ASSIGNMENT :: Among the entries below, find the line with "Diese eleganten Perlenkappen", then quote it and each following line up to and including the line with "pondělí 18.00 hod.", and nothing else.

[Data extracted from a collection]
══════
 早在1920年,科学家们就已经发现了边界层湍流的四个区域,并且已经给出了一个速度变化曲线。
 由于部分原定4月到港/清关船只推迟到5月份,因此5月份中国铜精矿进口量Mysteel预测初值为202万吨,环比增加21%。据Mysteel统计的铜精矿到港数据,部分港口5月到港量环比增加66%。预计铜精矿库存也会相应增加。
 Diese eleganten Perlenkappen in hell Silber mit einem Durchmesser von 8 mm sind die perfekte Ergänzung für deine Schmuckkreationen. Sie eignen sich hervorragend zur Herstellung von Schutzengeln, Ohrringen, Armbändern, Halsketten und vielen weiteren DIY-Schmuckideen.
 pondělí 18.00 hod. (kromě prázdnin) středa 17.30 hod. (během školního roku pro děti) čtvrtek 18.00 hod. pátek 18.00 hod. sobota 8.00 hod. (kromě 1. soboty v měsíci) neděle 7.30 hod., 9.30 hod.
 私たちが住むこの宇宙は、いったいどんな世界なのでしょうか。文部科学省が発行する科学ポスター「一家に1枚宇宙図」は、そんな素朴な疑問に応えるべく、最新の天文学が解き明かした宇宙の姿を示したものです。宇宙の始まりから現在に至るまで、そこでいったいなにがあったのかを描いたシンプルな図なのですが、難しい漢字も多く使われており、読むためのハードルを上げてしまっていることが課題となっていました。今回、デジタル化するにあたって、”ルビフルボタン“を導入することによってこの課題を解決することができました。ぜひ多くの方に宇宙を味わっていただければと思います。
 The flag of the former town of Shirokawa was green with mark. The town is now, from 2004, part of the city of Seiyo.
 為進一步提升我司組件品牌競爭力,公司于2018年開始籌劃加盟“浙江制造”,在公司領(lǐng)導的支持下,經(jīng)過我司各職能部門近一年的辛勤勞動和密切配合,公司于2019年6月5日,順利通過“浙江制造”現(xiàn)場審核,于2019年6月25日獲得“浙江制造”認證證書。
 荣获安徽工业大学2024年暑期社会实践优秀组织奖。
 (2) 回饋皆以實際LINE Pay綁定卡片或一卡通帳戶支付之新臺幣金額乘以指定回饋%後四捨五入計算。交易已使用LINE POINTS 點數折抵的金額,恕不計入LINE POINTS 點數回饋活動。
══════
RESPONSE ::
 Diese eleganten Perlenkappen in hell Silber mit einem Durchmesser von 8 mm sind die perfekte Ergänzung für deine Schmuckkreationen. Sie eignen sich hervorragend zur Herstellung von Schutzengeln, Ohrringen, Armbändern, Halsketten und vielen weiteren DIY-Schmuckideen.
 pondělí 18.00 hod. (kromě prázdnin) středa 17.30 hod. (během školního roku pro děti) čtvrtek 18.00 hod. pátek 18.00 hod. sobota 8.00 hod. (kromě 1. soboty v měsíci) neděle 7.30 hod., 9.30 hod.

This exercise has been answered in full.